When once he has mastered the first principles of sound conduct and thought, he is prepared to do well at anything according to his gifts, whereas the most exhaustive knowledge of counterpoint and conchology will, in the most favourable circumstances, only make him a good musician or a good classifier of shells.
In short, happiness and harmony are more easily achieved by a people holding deep and sound views concerning life and humanity than by people deeply versed in science and top-heavy with information. Happiness has been achieved again and again upon earth by people possessing not a billionth part of the knowledge that has been accumulated by modern man. A sound instinct in regard to food, a correct understanding of one’s self and one’s fellows, and a decent appreciation of the limits of individual caprice in a social community are, after all, more precious than a large accumulation of facts. And thus education, if it is to be valuable, should consist very much more in a training in manners, sound views and means of intercourse than in the acquisition of knowledge about facts. (The False Assumptions of ‘Democracy’, pp. 126–7)

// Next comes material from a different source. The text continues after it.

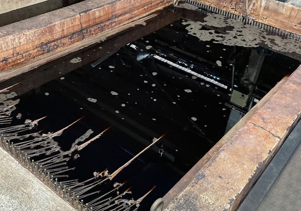 ヌメ革の鞣し工程には国内でも数少ないピット槽を用いています。長時間ピット槽に漬け込むことで繊維をほぐさずに鞣され、一般的なドラムで鞣すよりも圧倒的に時間も手間もかかりますが、最高の風合いと堅牢性を有します。

Anybody would have thought that one of the first concerns of any educational body dealing with national education would have been to secure to all citizens of the same nation, irrespective of rank, at least a thorough knowledge of their native tongue. For what, indeed, could be more vital? It is the first prerequisite of all satisfactory communication, whether from or to the subject; it is the first essential weapon of the rational faculties. A particular native language may have faults and shortcomings, as compared with other native languages; it may be poorer in words, more complicated in syntax, less copiously supplied with racy idiom, etc., but surely any national scheme of education that fails to make the mastery of this native language—such as it is, perfect or imperfect—the foremost object on its programme is guilty of a gross dereliction of duty. For whatever its faults may be, the masses, at least, have no other means of communication and, if they are going to be made articulate, they must be taught their native tongue.
At present, the situation of the English working-classes is, in this respect, pathetic in its helpless and infantile humility. Their talk is the babble of babes, their vocabulary the means of expression for creatures whose feelings and thoughts are no more complicated than those of primitive savages. Not only are they incapable of understanding complex states of feeling or complex thoughts when they hear them accurately and carefully expressed, but they are also utterly unable to give expression to at least three-quarters of their own thoughts and emotions. In regard to a very large number of thoughts and emotions, which to the cultivated man are commonplace matters, the masses of England are therefore literally inarticulate. The same word answers for a hundred meanings in their conversation, all of which it but inadequately expresses, while for those emotions and thoughts for which they have no words there can exist only mute and mystified suspicion.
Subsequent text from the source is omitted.